Peniskarzinom

Beim Peniskarzinom handelt es sich meist um ein Plattenepithelkarzinom, welches am häufigsten an der Eichel und der Vorhaut auftritt, jedoch auch auf den Penisschaft und benachbarte Strukturen übergreifen kann. Das Peniskarzinom ist eine sehr seltene Erkrankung und betrifft üblicherweise den älteren Mann. In Deutschland erkranken jährlich etwa 800 Männer neu an einem Peniskarzinom. Der Altersgipfel liegt hierbei bei über 60 Jahren.

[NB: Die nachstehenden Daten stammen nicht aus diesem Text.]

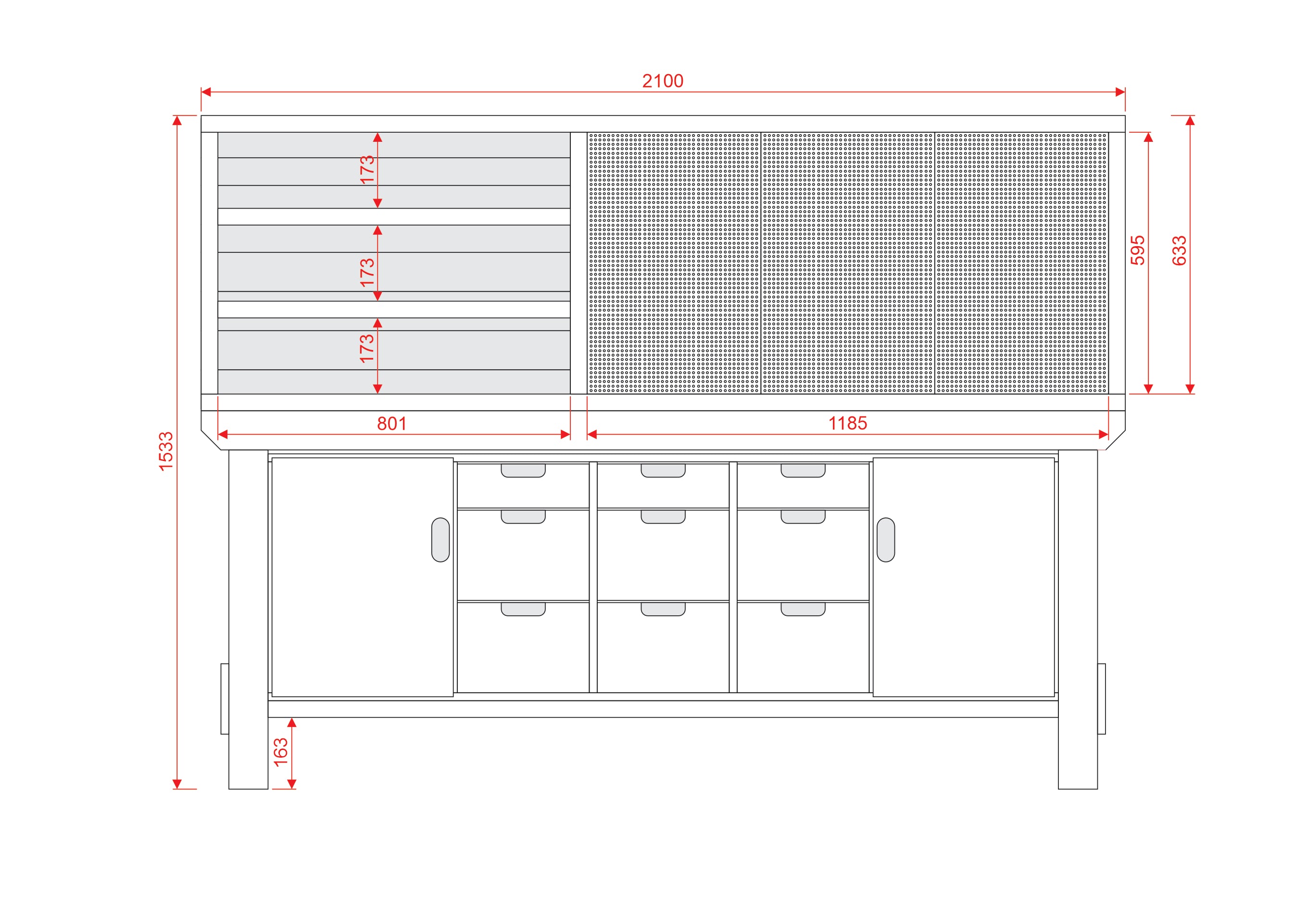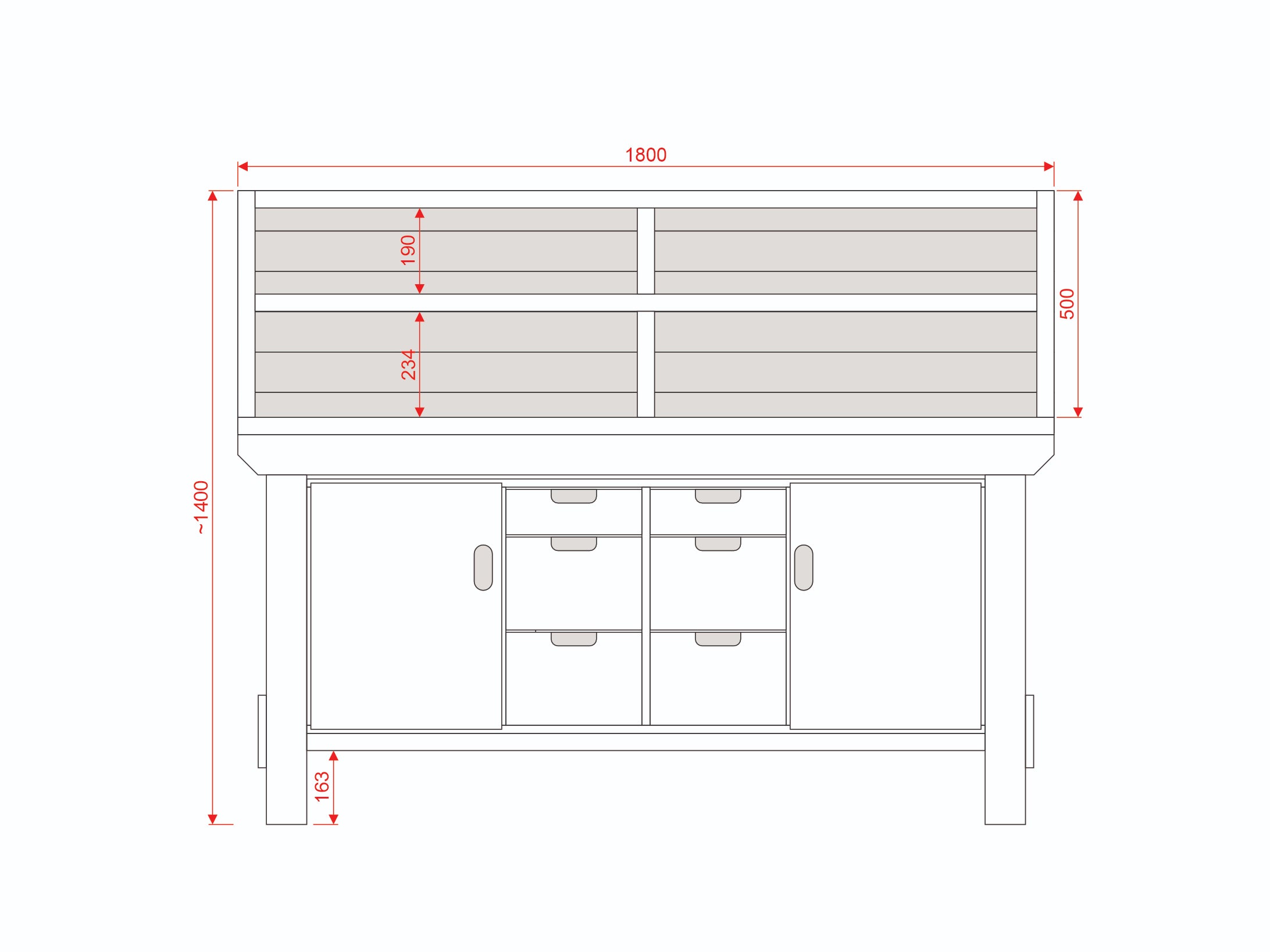 This workbench is available in multiple sizes, ranging from 1500mm to 2100mm in width, with a standard height of 900mm and depth of 640mm. Each unit is beautifully finished, reflecting quality craftsmanship and attention to detail.

Als häufigste Ursache sind immer wiederkehrende Entzündungen an der Eichel und der Vorhaut meist infolge mangelnder Hygiene zu nennen - vor allem in Verbindung mit einer Vorhautverengung (Phimose). So kommt das Peniskarzinom bei in der Kindheit beschnittenen Männern sehr selten vor. Jedoch hat die Beschneidung im Erwachsenenalter keine präventive Wirkung mehr. Als weitere Ursache für ein Peniskarzinom gelten zudem Infektionen mit humanen Papillomaviren – insbesondere die Subtypen 16 und 18. Die Entwicklung eines Karzinoms verläuft häufig über Vorstufen, den Präkanzerosen, aus denen sich im Verlauf ein bösartiger Tumor entwickeln kann.

In frühen Stadien zeigen sich meist unspezifische Hautveränderungen wie Rötungen oder Beläge der Eichel und Vorhaut, die oftmals von einer Entzündung nicht zu unterscheiden sind.  Dadurch werden sie häufig übersehen oder nicht weiter beachtet. Charakteristisch sind Rötungen und knötchenartige Verhärtungen, die trotz lokaler Therapie bestehen bleiben. In späteren Stadien imponiert das Peniskarzinom als blumenkohlartiger Tumor, welcher zu Blutungen neigen kann. Oftmals sind in diesem Stadium bereits die Lymphknoten im Bereich der Leiste befallen, die durch tastbare Verhärtungen gekennzeichnet sind.